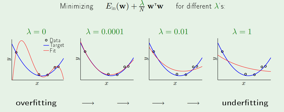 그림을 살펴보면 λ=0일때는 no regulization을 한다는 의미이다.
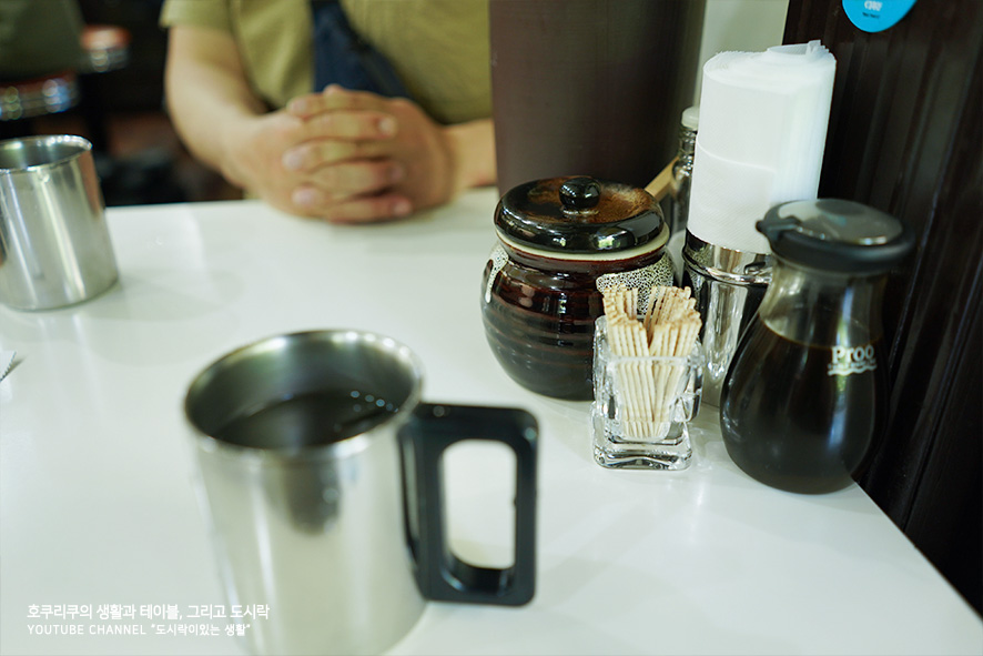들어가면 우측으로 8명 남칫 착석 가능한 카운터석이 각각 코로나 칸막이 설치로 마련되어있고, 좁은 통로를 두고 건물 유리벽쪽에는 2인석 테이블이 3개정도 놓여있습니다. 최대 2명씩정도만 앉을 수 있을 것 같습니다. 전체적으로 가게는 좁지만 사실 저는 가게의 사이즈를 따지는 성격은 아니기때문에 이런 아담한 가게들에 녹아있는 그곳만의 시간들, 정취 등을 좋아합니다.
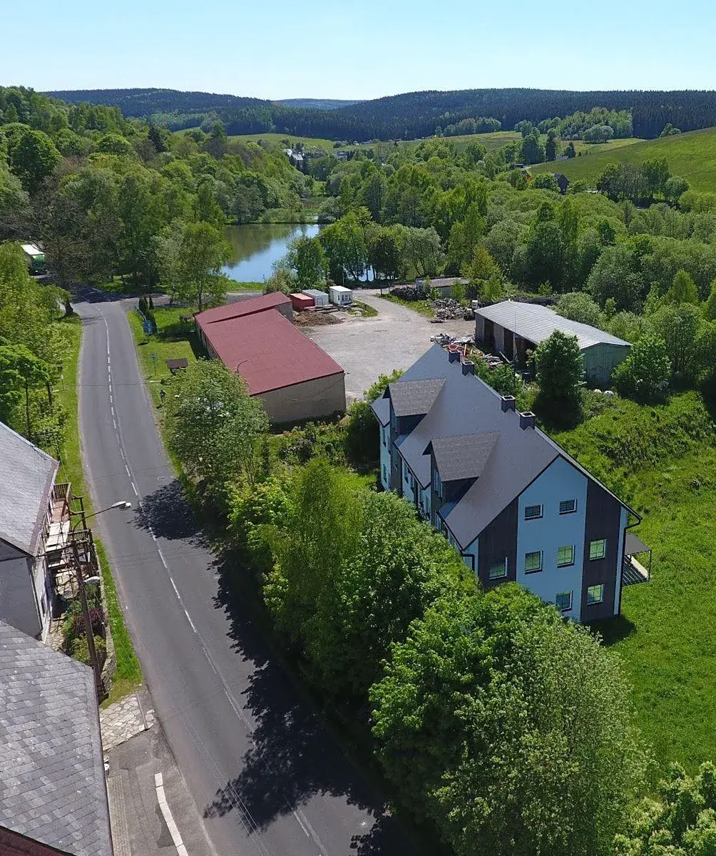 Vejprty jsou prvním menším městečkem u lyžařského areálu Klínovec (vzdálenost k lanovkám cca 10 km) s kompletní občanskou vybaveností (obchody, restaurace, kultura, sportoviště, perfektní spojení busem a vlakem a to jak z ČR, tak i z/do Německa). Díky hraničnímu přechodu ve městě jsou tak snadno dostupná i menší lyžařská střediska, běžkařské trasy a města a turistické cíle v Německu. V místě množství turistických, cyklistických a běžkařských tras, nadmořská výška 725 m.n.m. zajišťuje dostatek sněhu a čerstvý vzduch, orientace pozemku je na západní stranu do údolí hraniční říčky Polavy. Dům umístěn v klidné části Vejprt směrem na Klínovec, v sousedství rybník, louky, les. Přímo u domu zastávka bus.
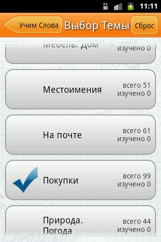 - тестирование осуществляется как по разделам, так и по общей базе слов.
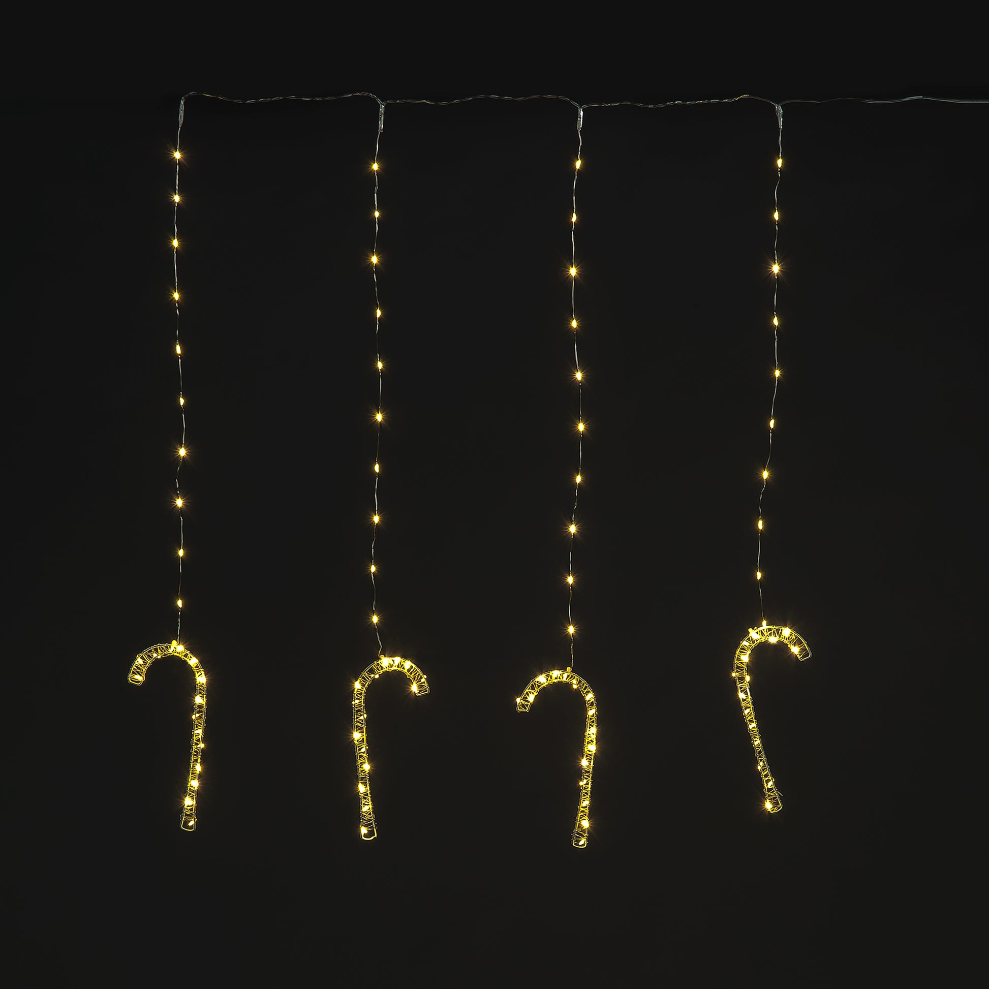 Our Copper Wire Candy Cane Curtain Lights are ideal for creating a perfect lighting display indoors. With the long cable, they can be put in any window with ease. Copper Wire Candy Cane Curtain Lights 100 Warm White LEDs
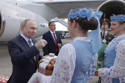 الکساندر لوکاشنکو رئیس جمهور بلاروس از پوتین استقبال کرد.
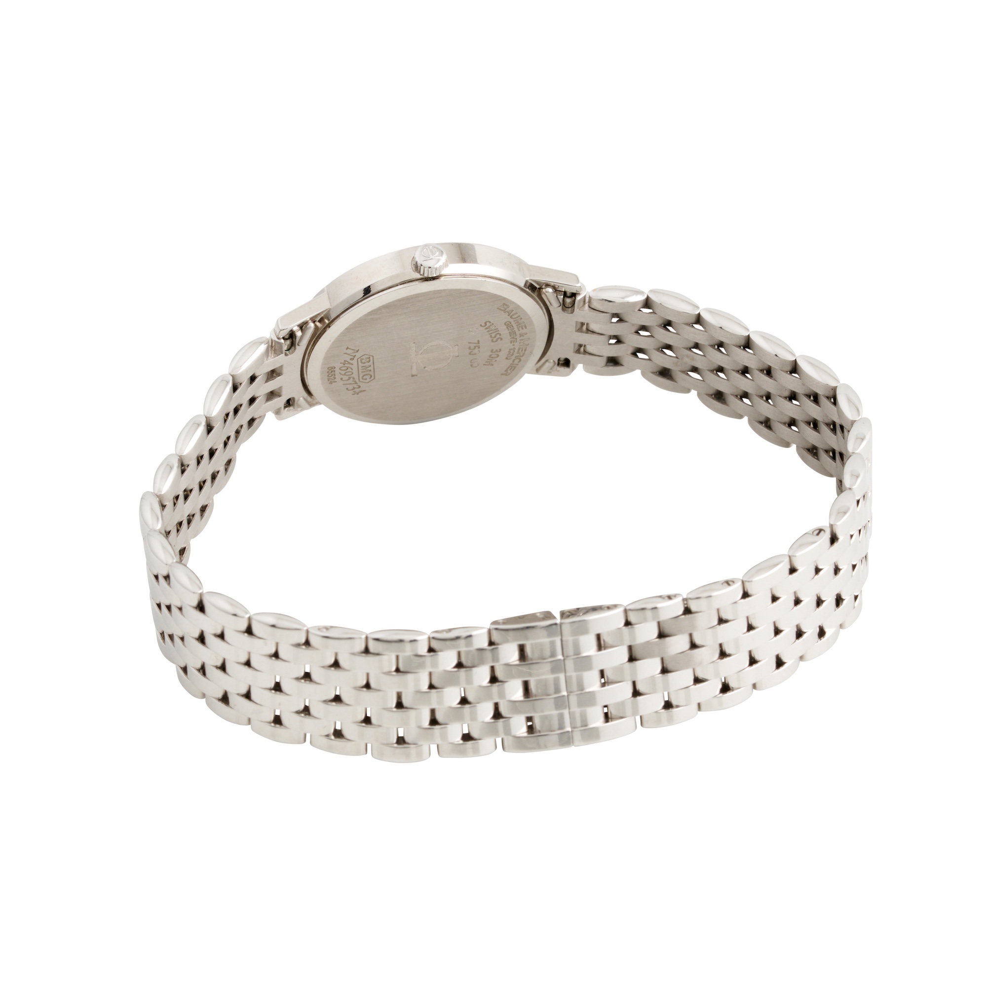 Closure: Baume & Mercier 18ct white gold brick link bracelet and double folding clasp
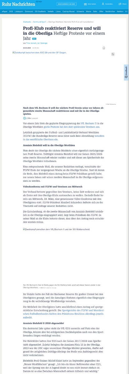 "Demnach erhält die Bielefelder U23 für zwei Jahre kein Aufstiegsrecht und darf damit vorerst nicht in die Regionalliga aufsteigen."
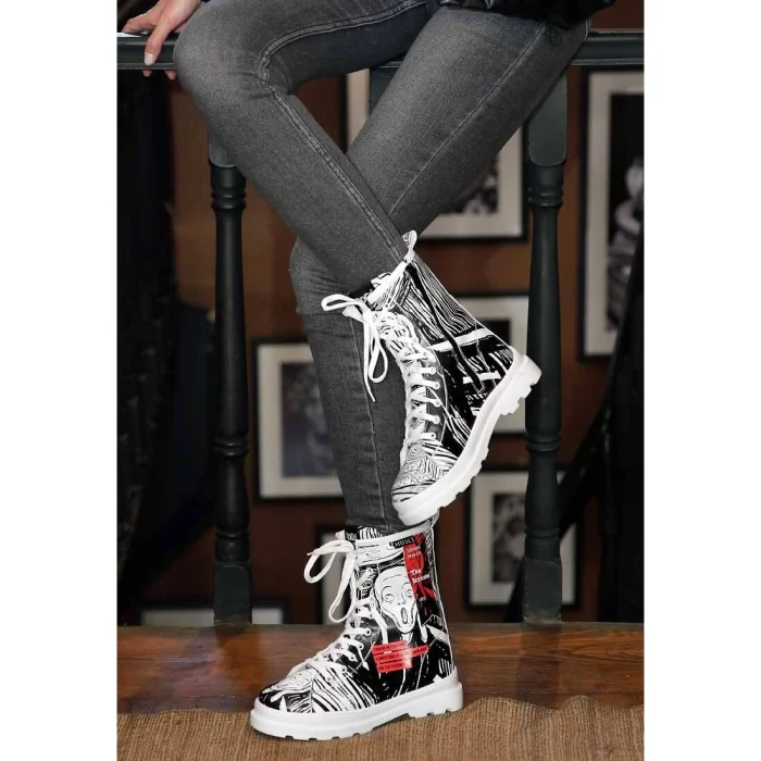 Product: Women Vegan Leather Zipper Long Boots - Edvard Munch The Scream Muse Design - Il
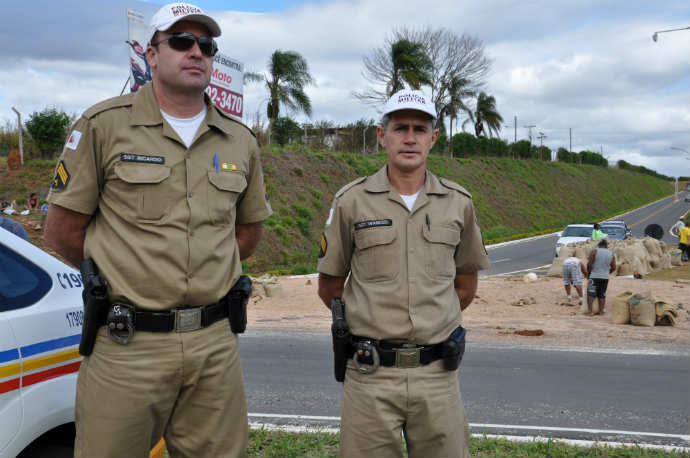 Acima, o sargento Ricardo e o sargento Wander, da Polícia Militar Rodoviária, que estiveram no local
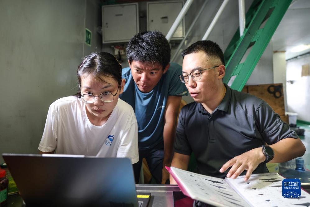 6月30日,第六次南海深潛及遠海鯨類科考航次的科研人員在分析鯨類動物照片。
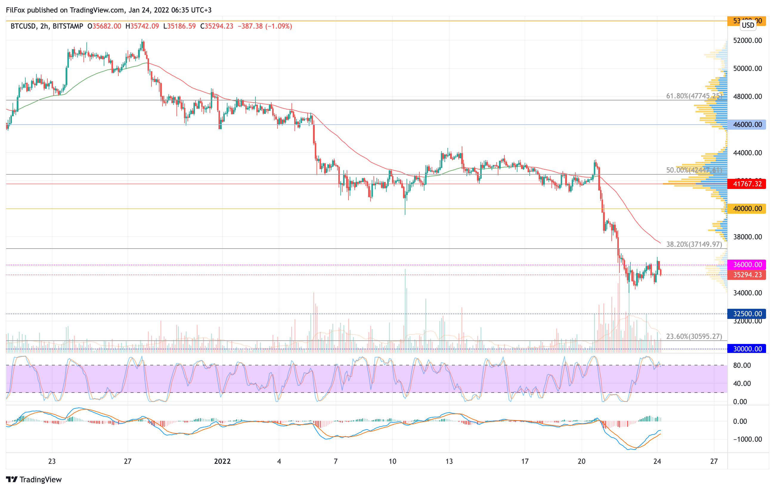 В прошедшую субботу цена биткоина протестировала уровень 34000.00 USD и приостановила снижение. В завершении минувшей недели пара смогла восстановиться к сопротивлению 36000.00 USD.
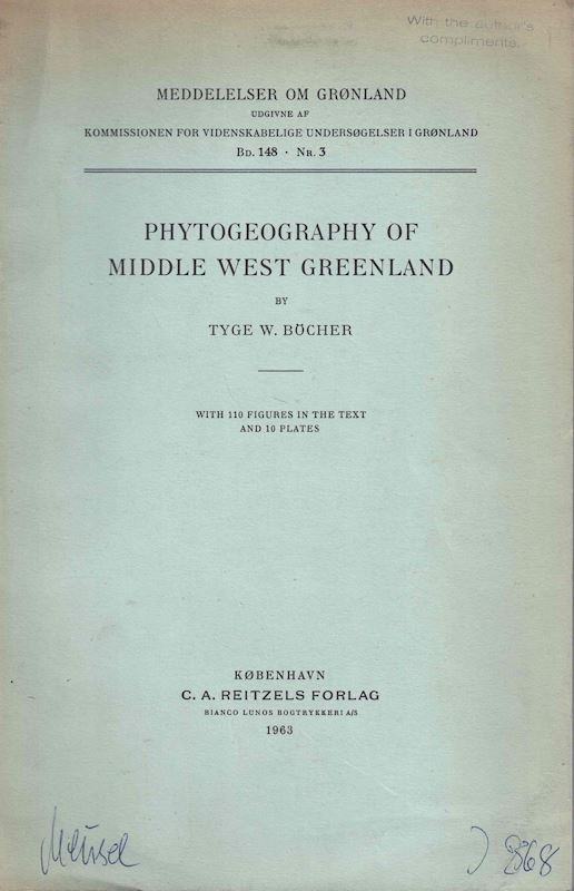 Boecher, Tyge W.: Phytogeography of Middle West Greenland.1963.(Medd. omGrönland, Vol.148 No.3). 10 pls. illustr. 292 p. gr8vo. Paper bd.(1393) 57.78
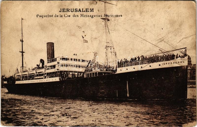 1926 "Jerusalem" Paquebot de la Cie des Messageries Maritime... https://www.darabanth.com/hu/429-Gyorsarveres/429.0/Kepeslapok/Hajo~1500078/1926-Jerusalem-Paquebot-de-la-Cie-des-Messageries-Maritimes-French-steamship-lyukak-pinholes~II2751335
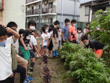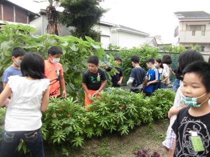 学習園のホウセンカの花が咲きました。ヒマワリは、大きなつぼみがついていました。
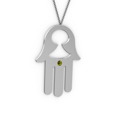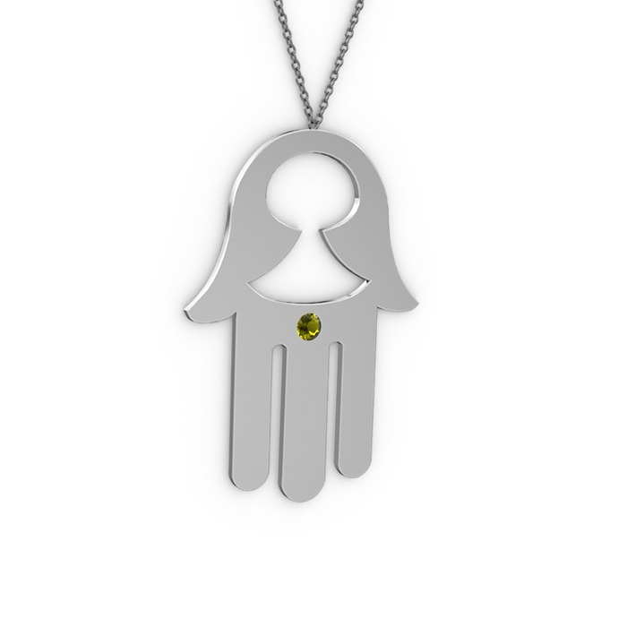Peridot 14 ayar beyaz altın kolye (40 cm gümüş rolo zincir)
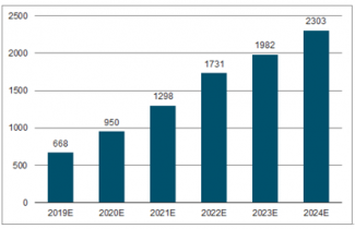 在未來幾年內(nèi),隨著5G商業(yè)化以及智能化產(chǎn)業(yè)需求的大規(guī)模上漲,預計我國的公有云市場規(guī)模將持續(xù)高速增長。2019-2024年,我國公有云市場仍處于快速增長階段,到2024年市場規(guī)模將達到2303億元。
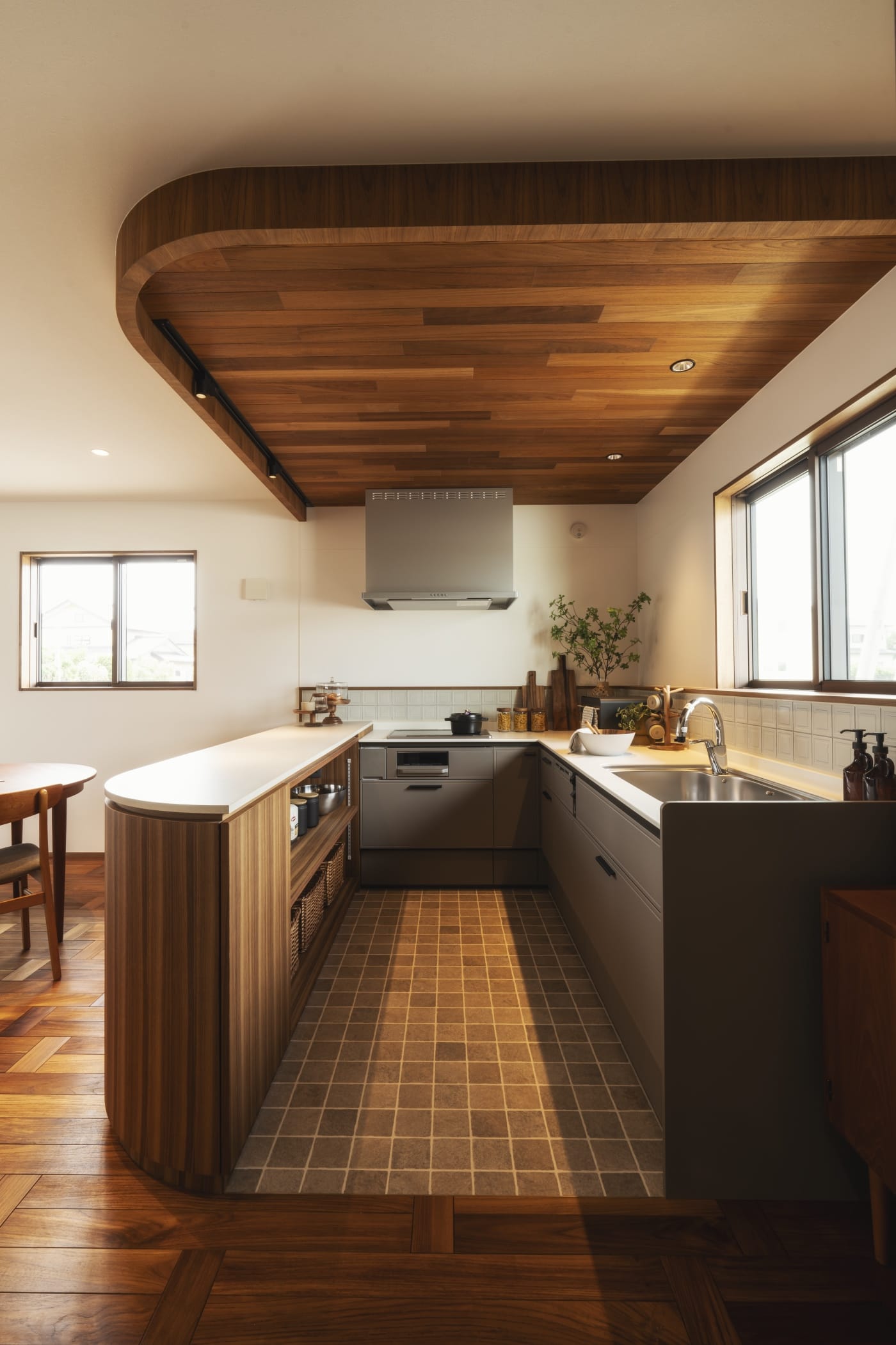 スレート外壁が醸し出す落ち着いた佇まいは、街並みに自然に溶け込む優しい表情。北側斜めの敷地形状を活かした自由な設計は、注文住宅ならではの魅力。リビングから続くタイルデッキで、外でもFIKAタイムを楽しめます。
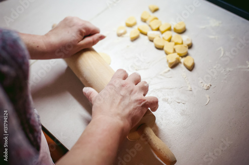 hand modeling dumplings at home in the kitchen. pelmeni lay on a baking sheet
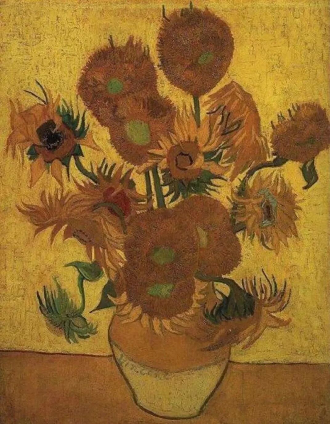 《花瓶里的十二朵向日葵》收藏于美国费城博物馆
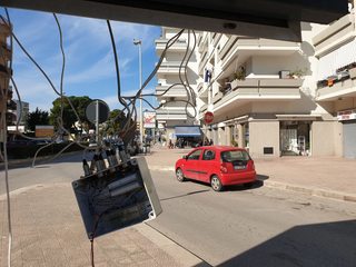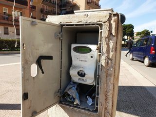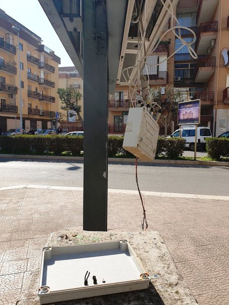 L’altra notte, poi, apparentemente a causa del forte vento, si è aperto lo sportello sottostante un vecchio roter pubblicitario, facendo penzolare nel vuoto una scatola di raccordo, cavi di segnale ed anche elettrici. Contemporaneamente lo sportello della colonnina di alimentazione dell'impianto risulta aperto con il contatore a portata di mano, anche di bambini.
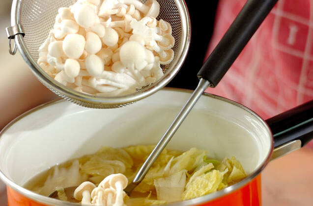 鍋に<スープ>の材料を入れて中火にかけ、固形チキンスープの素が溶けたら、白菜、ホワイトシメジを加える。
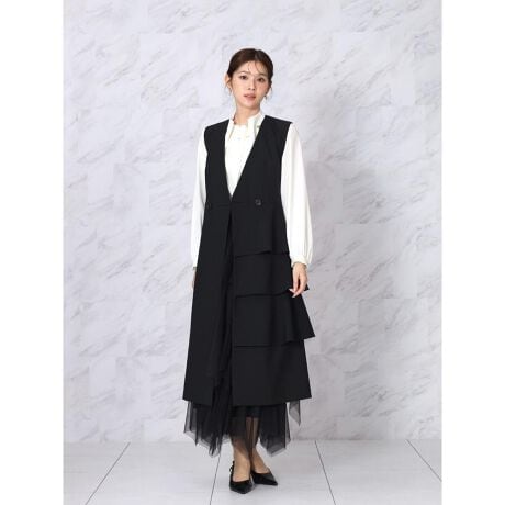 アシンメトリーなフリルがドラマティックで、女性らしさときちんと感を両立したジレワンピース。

====

Take the lines from the one containing "В прошедшую субботу" through the final line of the listing above and print them exactly, including both ends but no pictures.

 В прошедшую субботу цена биткоина протестировала уровень 34000.00 USD и приостановила снижение. В завершении минувшей недели пара смогла восстановиться к сопротивлению 36000.00 USD.
 Boecher, Tyge W.: Phytogeography of Middle West Greenland.1963.(Medd. omGrönland, Vol.148 No.3). 10 pls. illustr. 292 p. gr8vo. Paper bd.(1393) 57.78
 1926 "Jerusalem" Paquebot de la Cie des Messageries Maritime... https://www.darabanth.com/hu/429-Gyorsarveres/429.0/Kepeslapok/Hajo~1500078/1926-Jerusalem-Paquebot-de-la-Cie-des-Messageries-Maritimes-French-steamship-lyukak-pinholes~II2751335
 学習園のホウセンカの花が咲きました。ヒマワリは、大きなつぼみがついていました。
Peridot 14 ayar beyaz altın kolye (40 cm gümüş rolo zincir)
 在未來幾年內(nèi),隨著5G商業(yè)化以及智能化產(chǎn)業(yè)需求的大規(guī)模上漲,預計我國的公有云市場規(guī)模將持續(xù)高速增長。2019-2024年,我國公有云市場仍處于快速增長階段,到2024年市場規(guī)模將達到2303億元。
 スレート外壁が醸し出す落ち着いた佇まいは、街並みに自然に溶け込む優しい表情。北側斜めの敷地形状を活かした自由な設計は、注文住宅ならではの魅力。リビングから続くタイルデッキで、外でもFIKAタイムを楽しめます。
 hand modeling dumplings at home in the kitchen. pelmeni lay on a baking sheet
 《花瓶里的十二朵向日葵》收藏于美国费城博物馆
 L’altra notte, poi, apparentemente a causa del forte vento, si è aperto lo sportello sottostante un vecchio roter pubblicitario, facendo penzolare nel vuoto una scatola di raccordo, cavi di segnale ed anche elettrici. Contemporaneamente lo sportello della colonnina di alimentazione dell'impianto risulta aperto con il contatore a portata di mano, anche di bambini.
 鍋に<スープ>の材料を入れて中火にかけ、固形チキンスープの素が溶けたら、白菜、ホワイトシメジを加える。
 アシンメトリーなフリルがドラマティックで、女性らしさときちんと感を両立したジレワンピース。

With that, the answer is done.